- Я было заподозрил твоего мужа, и Варя не выдала, боясь мальчишку со мной — с убийцей! — столкнуть. Поль донес. Но он меня видел, он караулил отца во дворе.
- Это ужасно, конечно, но понятно: сын спасал отца.
- Спасал?.. Отец, сам в шоке, придерживает дергающееся в конвульсиях тело и слышит грозный шепот (рок ведет!): «Пойди и отбери мою бейсболку!» — «Она не отдаст!» (Адвокат уже уловил в Еве симптомчики фурии мести). — «А ты ее убей!»
- Не может быть!
- Не может, но было.
- Не может произойти убийство по приказу ребенка!
- Не знаю. Эта тайна — не наша, она запредельна. «Бес попутал», — говорил сам адвокат в жгучем недоумении. «Я приказал, — косноязычно лопочет Ипполит сейчас, — папа пошел и убил и принес бейсболку.

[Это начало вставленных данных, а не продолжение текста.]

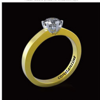
Hobart Simplicity (Model no. CVEL0000055) ©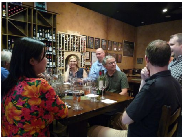
Old world or New World? Members finished conducting experiments to determine for themselves.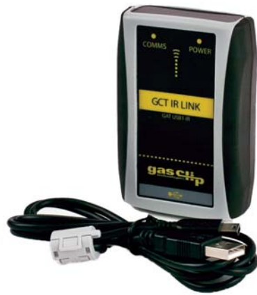
GCT IR Link

10' Sampling Hose 10 Additional Filters; 5 Hydrophobic and 5 Particulate Stainless Steel Diffusion Stone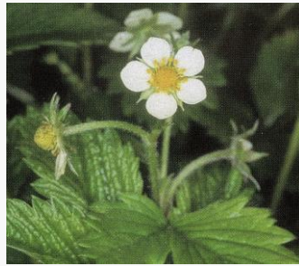
Fragaria NL photos

Of course, had I brought a field guide I wouldn't have been confused, but I didn't want to carry anything extra on the long hours hiking up and down those glorious hills. I did buy a small book on Tuscan plants. You're welcome to take a look at it at the July 12 th party, but for those of you who can't attend, I'm sharing a few photos.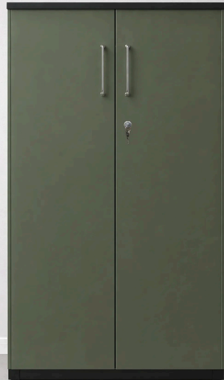
Multipurpose 2-Door Storage Cabinet with Secure Locks, Olive Green PET G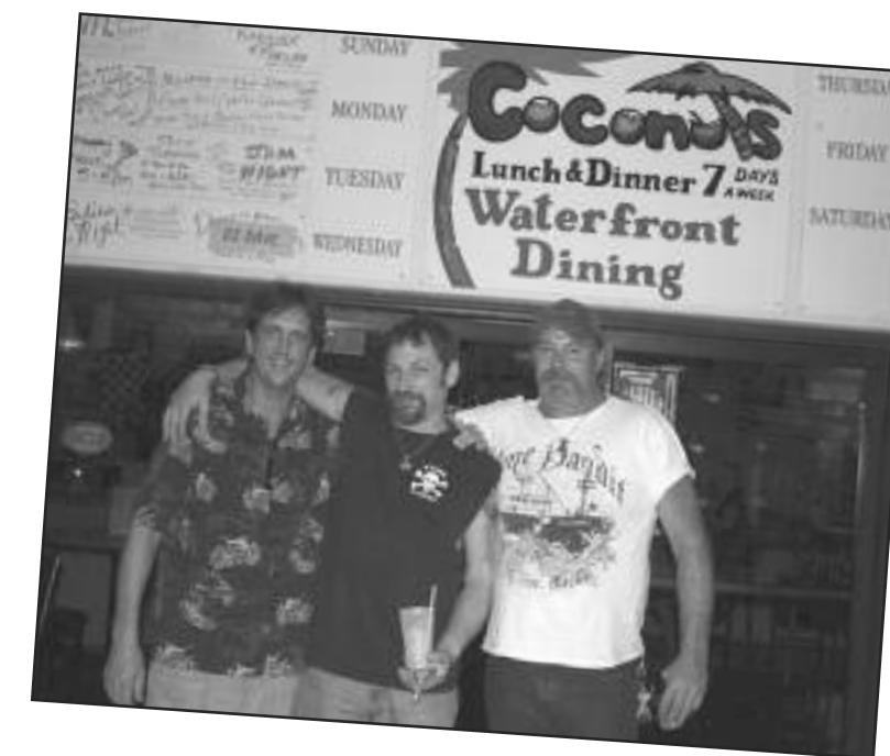
Deadliest Catch at Coconuts!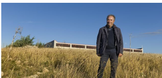
The company ELFIM s.r.l. is situated on a bleak and desolate limestone plateau near Gravina in Puglia.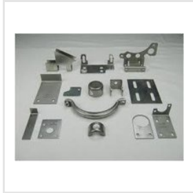
Industrial Sheet Metal Parts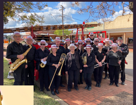
Riverina Concert Band brings together amateur and semi-professional musicians for a sensational performance of fruity bangers that'll keep you dancing all night long!

PLUS CHECK OUT LOCAL LGBTQIA+ AND ALLY TALENT PERFORMING ON THE COMMUNITY STAGE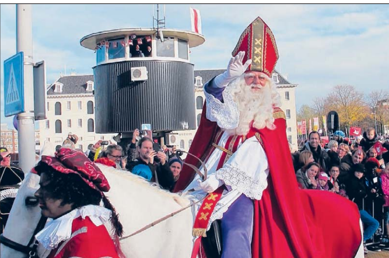
St. Nicholas waves to fans in Amsterdam on Nov. 18.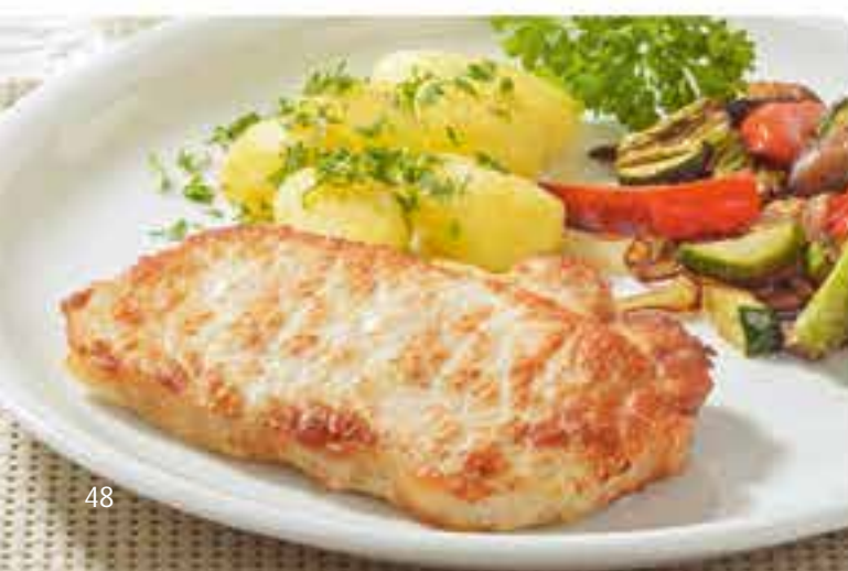
Saddle of pork steaks, cut from the cutlet, no bone, IQF deep-frozen, 160 g

Fresh saddle of pork steaks, cut from the cutlet, no bone, IQF, in pillow bags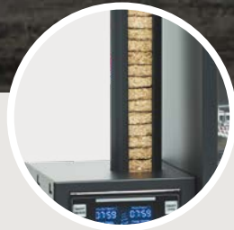
BISQUETTE CHAMBER Holds up to 9 hours of Smoking Bisquettes

cooking time, all at the push of a button. You enjoy delicious, consistent, pure smoke taste thanks again to Bradley's CleanSmoke™ Technology!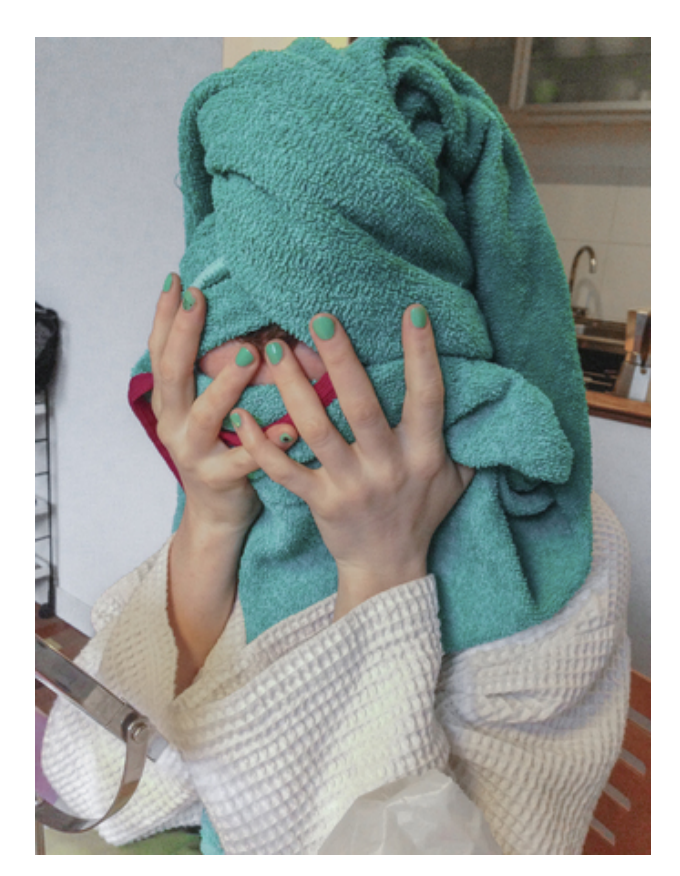
Untitled (portrait study), 2014 Digital photography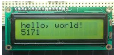
Fig 3: LCD display

A liquid-crystal display is a flat-panel display or another electronically modulated optical device that uses the light-modulating properties of liquid crystals combined with polarizers. Liquid crystals do not emit light directly, instead of using a backlight or reflector to produce images in color or monochrome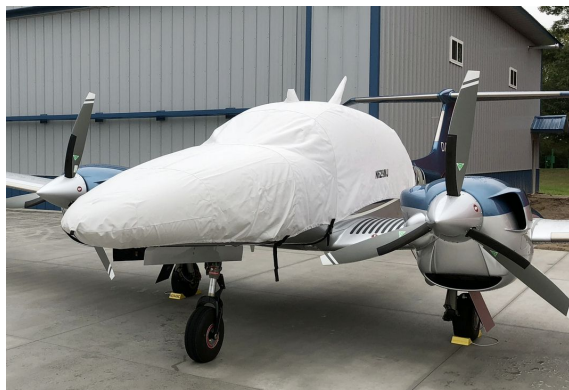
Diamond DA-62 Canopy/Nose Cover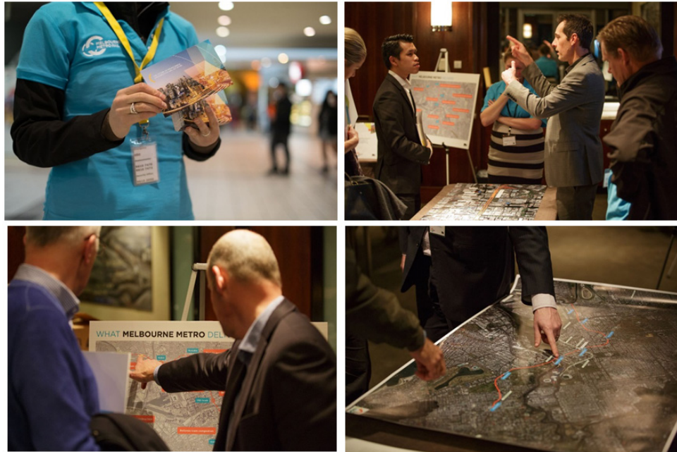
Figure 7-3 Engagement activities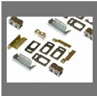
Sheet Metal Component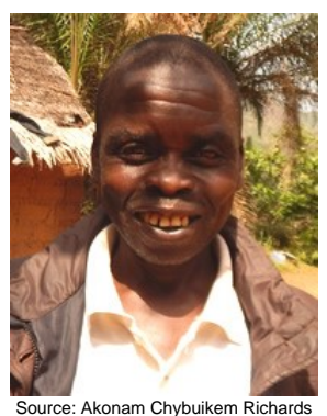
Population: 4,600 World Popl: 22,600 Total Countries: 2 People Cluster: Benue Main Language: Iceve-Maci Main Religion: Ethnic Religions Status: Partially reached

Evangelicals: 8.0% Chr Adherents: 45.0% Scripture: Portions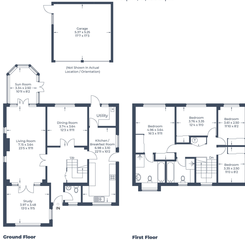
Illustration for identification purposes only, measurements are approximate, not to scale. © CJ Property Marketing Produced for Rodger's Estate Agents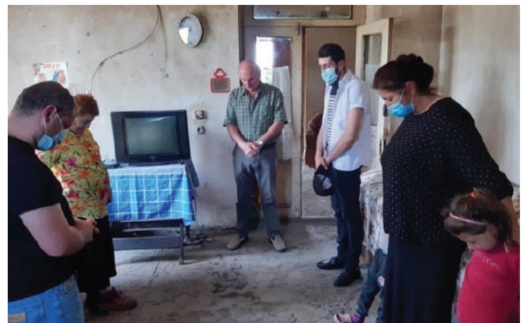
Delivering aid to families in Georgia.

In fact, some time earlier, our prayers for several unbelieving families were answered by the Lord and they will probably share about their blessings with others. Everything that was done could not have been accomplished without your help. Thank you so much! May the Lord reward you in His timing for all the goodness that you render to poor and less privileged families in a mutual effort with us! ♦

И я сказал: «Мне она такая не нужна — шапочка была в крови, и папа вытирал об нее пальцы — отнеси обратно». Но когда я увидел кровь, я выздоровел, ко мне больше не приходила «черная собака»».
- Господи! — ужаснулась Лана. — Как они жили после этого девять лет вместе?
- Как ужаснувшиеся раз и навсегда сообщники преступления. молча. Мальчик угадал (или сочинил) историю знакомства Мастера (будто бы твоего мужа) и Маргариты-Евы и преподнес ее мне. А когда мы с Ипполитом вошли в темный кабинет и увидели в углу самоубийцу в петле, падучая вернулась.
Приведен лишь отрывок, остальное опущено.